ML and Data Science: Empowering Materials Science

Cutting-Edge Tech, Accelerated Research

Ashwin Shekhar
Mettle, NIT Trichy
5 min readJan 3, 2020

--

Materials are said to govern the limits of what human engineering can achieve. Therefore, it is imperative that the development of newer materials — materials which perform better, last longer and serve niche applications — is accelerated to keep up with the growing demands of society.

Source: ACS

The ‘traditional’ approach in the materials science community has always been rather straightforward. Through the careful study of a material’s microstructure and its existing set of properties, a correlation is drawn between the two, known as a structure-property correlation.

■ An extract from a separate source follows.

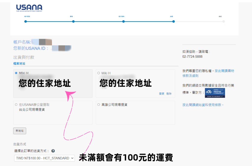 五、最後,系統會出現您的帳戶名稱及會員帳號(可以先行手抄或截圖記下),再設定送貨地址、 信用卡卡號、發票資訊等。另外可以使用家人的信用卡刷卡,刷卡完成訂單成立後,就成為USANA優惠顧客嘍!

Over years of work, we ascertain these correlations and are hence able to select appropriate materials for different applications. If we want to discover a new material, we subject substrates to some processes in the laboratory, look at the structure formed, use existing correlations to predict its properties, confirm said properties, and evaluate its performance over time.

However, discovering new materials by this fashion is a very slow process; therefore, the existing material can also be endowed with a different set of properties by changing the way we process the material — for example, steels are subjected to the familiar heat treatment processes, giving them more desirable properties.

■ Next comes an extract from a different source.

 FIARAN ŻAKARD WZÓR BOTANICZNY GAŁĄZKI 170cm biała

This approach is clearly illustrated and explained using what is called the Materials Science Tetrahedron:

Source: Malvern Panalytical

In essence, by drawing the links between processing-structure-properties-performance, through the appropriate characterisation techniques, one can design novel materials for whatever they want — in theory.

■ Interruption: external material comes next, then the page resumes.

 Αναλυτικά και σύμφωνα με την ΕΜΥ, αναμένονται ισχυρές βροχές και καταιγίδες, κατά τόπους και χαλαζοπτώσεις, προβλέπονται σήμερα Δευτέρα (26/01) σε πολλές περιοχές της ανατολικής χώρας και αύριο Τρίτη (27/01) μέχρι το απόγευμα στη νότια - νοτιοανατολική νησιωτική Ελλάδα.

As mentioned, this is a very arduous process, rife with experimentation, taking a lot of effort and resources. As with any laboratory technique, there are no guarantees; most materials synthesised in the lab take years to even reach the general public.

So what could we do to make this crucial process faster, more streamlined?

This is where the often-heard terms — machine learning and data science — enter the picture. They aren’t mere buzzwords being thrown around to add credibility to research — they’re being used to revolutionise the way we synthesise new materials.

We hear these terms thrown around a lot these days and considering their relevance to the field of materials science in general, it’s probably a good idea to know what they mean and what these areas of study are dedicated to.

Source: Forbes.com

Machine learning is a subset of artificial intelligence, wherein computer systems perform tasks without explicit instructions, instead relying on complex patterns and inference.

Data science, in a broad sense, aims to get insight and knowledge from existing data — this is the part among the two that would require domain knowledge to optimise results.

Why are the above relevant, you ask? Well, structure-property correlations are quite complex on their own; over time, materials science has indeed adopted a computational approach for investigating the same, but these, too, are largely limited to first-principles calculations — calculations based on quantum mechanical or thermodynamic principles prone to inaccuracy.

What if, through the tools of machine learning and eventually data science, we are able to accurately predict properties of materials without actually performing these cumbersome calculations? What if we need not bother ourselves with this complex web of linkages between the many parameters that one can vary while processing a material?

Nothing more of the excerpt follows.